Claudia Sheinbaum no dijo nada cuando se anunció que María Corina Machado recibiría el Premio Nobel de la Paz. Guardó silencio entonces y ahora, cuando el galardón se materializa y el mundo vuelve a mirar a Venezuela, refrenda ese mismo mutismo. No fue un error, ni un descuido, ni un gesto diplomático. Fue una decisión política. Cuando un presidente guarda silencio frente a un hecho de esta magnitud, ese silencio deja de ser neutral y se convierte en postura.

María Corina Machado no es una figura decorativa ni una moda internacional. Es la principal opositora a la dictadura venezolana, una mujer perseguida por sus ideas, inhabilitada en sus derechos políticos y obligada a vivir en la clandestinidad por negarse a someterse a un régimen autoritario. El Nobel no se le otorgó por casualidad, sino por su resistencia democrática y por una lucha incansable. Y aun así, desde Palacio Nacional, la respuesta fue un evasivo “sin comentarios… México siempre va a defender la autodeterminación de los pueblos y la no intervención”, la coartada perfecta cuando la realidad incomoda.

Ese mutismo no es nuevo. El abuso de la doctrina Estrada y del principio de no intervención fue el pretexto favorito del obradorismo durante el sexenio pasado para no condenar el terrorismo ni las violaciones a los derechos humanos en el ámbito internacional. En teoría, estos principios son pilares de la política exterior mexicana. En los hechos, han sido invocados de forma perversa para solapar abusos graves cometidos por regímenes tiránicos políticamente afines.

Desde 2018, la política exterior del gobierno mexicano puede resumirse sin rodeos en una sola frase. No condenaremos nunca la violación a los derechos humanos en ningún país del mundo porque no queremos que mañana nos señalen por las violaciones que cometemos nosotros. Es la misma lógica cínica de Echeverría, reciclada y maquillada de progresismo moral.

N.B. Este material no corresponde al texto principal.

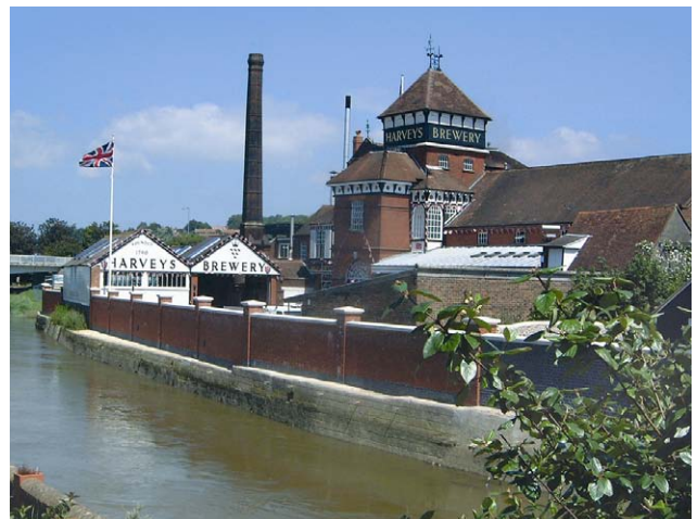
Harveys Brewery, Lewes, East Sussex

Conviene decirlo completo. El artículo 89 constitucional sí establece que la política exterior de México debe regirse por la no intervención, la autodeterminación de los pueblos y la solución pacífica de las controversias. Pero el mismo artículo manda al presidente a promover los derechos humanos y a condenar su violación en el ámbito internacional. La Constitución no ordena callar. Ordena actuar con responsabilidad ética.

Lo más revelador es el contraste. Gobiernos de izquierda como el de Lula en Brasil o el de Gabriel Boric en Chile denunciaron el cínico fraude electoral con el que Nicolás Maduro se reeligió en 2024. No son mandatarios conservadores ni alineados a la derecha. Entendieron que, independientemente de la geometría política, la democracia no admite trampas. En cambio, Sheinbaum avaló la elección y legitimó al régimen enviando un representante a la toma de protesta de Maduro.

México decidió acompañar esa farsa. Y al hacerlo, se colocó en una lista latinoamericana muy corta y muy vergonzosa. Cuba, Nicaragua y México. Nada más. El club de los gobiernos que prefirieron cerrar los ojos, validar el fraude y sostener a una dictadura por conveniencia política.

Queda claro que lo que incomoda no es el Nobel, sino lo que representa. Una oposición que no se somete. Una sociedad que resiste. Una dictadura que queda exhibida. Y eso es justo lo que Sheinbaum no quiere ver reflejado. Porque el espejo venezolano devuelve una imagen peligrosa. La del poder que se eterniza, la del adversario convertido en enemigo, la del Estado confundido con el partido.

La pregunta entonces deja de ser diplomática y se vuelve incómoda. ¿Qué le debe México a Maduro? ¿Por qué tanto cuidado, tanta condescendencia, tanto silencio? ¿Será que Sheinbaum ve en los populismos autoritarios latinoamericanos un futuro deseable y no una advertencia?

El Nobel a María Corina Machado no obliga a tomar partido ideológico. Obliga a tomar partido moral. Y cuando un gobierno no se atreve ni siquiera a eso, el silencio deja de ser prudencia y se convierte en confesión.